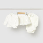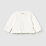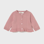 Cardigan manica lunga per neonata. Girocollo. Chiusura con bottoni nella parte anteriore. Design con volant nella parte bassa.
* * *
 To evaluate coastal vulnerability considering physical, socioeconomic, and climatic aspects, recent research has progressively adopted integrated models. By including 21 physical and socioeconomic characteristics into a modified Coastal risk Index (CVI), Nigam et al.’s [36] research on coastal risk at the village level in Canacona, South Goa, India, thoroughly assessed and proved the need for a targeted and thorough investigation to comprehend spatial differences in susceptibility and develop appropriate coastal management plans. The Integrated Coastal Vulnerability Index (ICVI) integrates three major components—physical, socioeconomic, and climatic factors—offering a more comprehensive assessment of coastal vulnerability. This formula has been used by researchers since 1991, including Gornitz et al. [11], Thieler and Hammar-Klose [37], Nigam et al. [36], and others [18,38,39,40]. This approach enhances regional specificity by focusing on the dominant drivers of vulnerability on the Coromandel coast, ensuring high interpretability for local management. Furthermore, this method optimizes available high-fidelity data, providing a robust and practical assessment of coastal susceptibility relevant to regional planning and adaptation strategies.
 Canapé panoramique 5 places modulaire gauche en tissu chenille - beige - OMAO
--
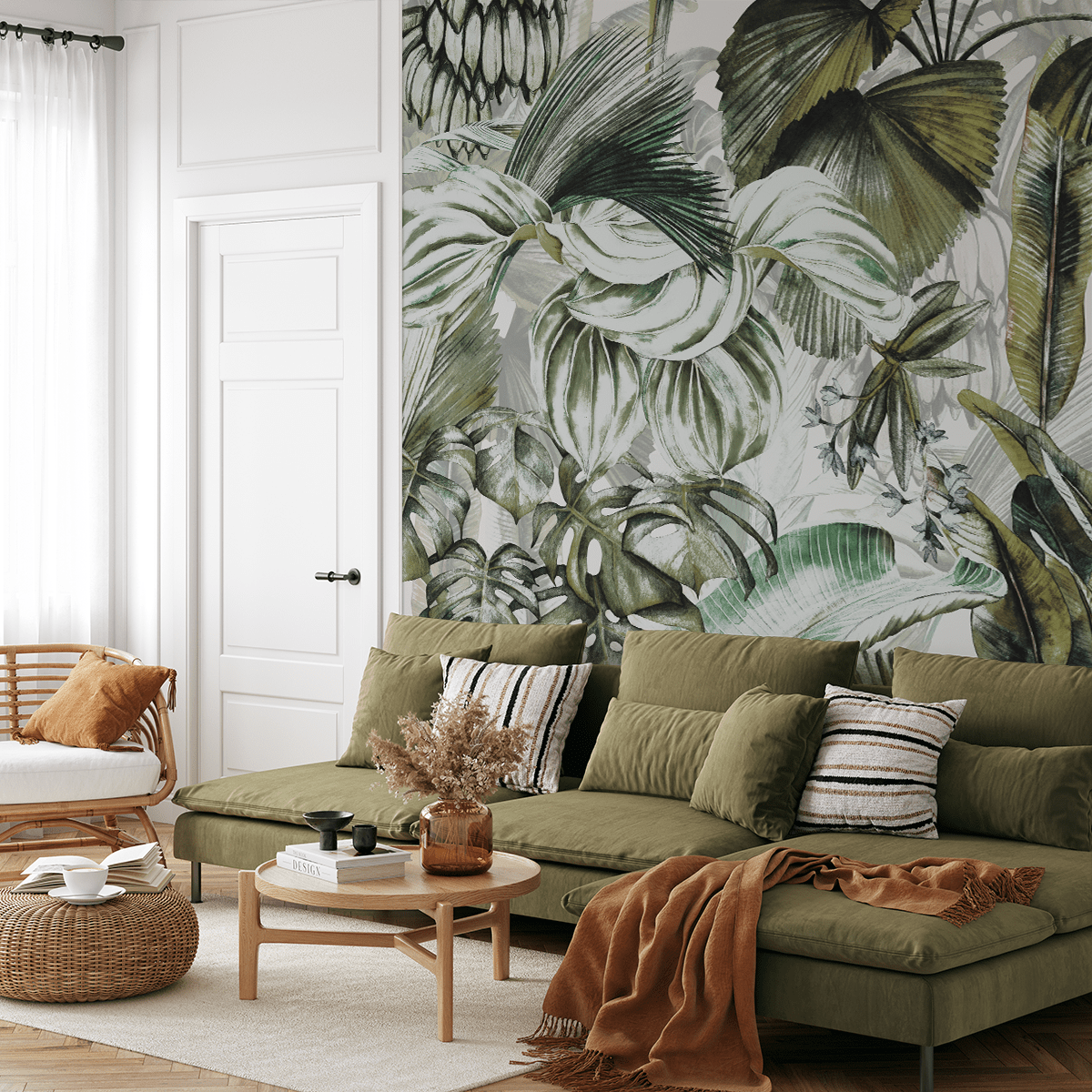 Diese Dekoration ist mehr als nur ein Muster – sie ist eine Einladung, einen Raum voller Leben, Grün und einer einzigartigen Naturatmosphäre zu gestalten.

TASK BRIEF.
The lines to extract from the data above begin with the line containing "To evaluate coastal" and end with the line containing "Canapé panoramique 5". Extract them exactly, including both.

RESULT FOR THIS EXERCISE.
 To evaluate coastal vulnerability considering physical, socioeconomic, and climatic aspects, recent research has progressively adopted integrated models. By including 21 physical and socioeconomic characteristics into a modified Coastal risk Index (CVI), Nigam et al.’s [36] research on coastal risk at the village level in Canacona, South Goa, India, thoroughly assessed and proved the need for a targeted and thorough investigation to comprehend spatial differences in susceptibility and develop appropriate coastal management plans. The Integrated Coastal Vulnerability Index (ICVI) integrates three major components—physical, socioeconomic, and climatic factors—offering a more comprehensive assessment of coastal vulnerability. This formula has been used by researchers since 1991, including Gornitz et al. [11], Thieler and Hammar-Klose [37], Nigam et al. [36], and others [18,38,39,40]. This approach enhances regional specificity by focusing on the dominant drivers of vulnerability on the Coromandel coast, ensuring high interpretability for local management. Furthermore, this method optimizes available high-fidelity data, providing a robust and practical assessment of coastal susceptibility relevant to regional planning and adaptation strategies.
 Canapé panoramique 5 places modulaire gauche en tissu chenille - beige - OMAO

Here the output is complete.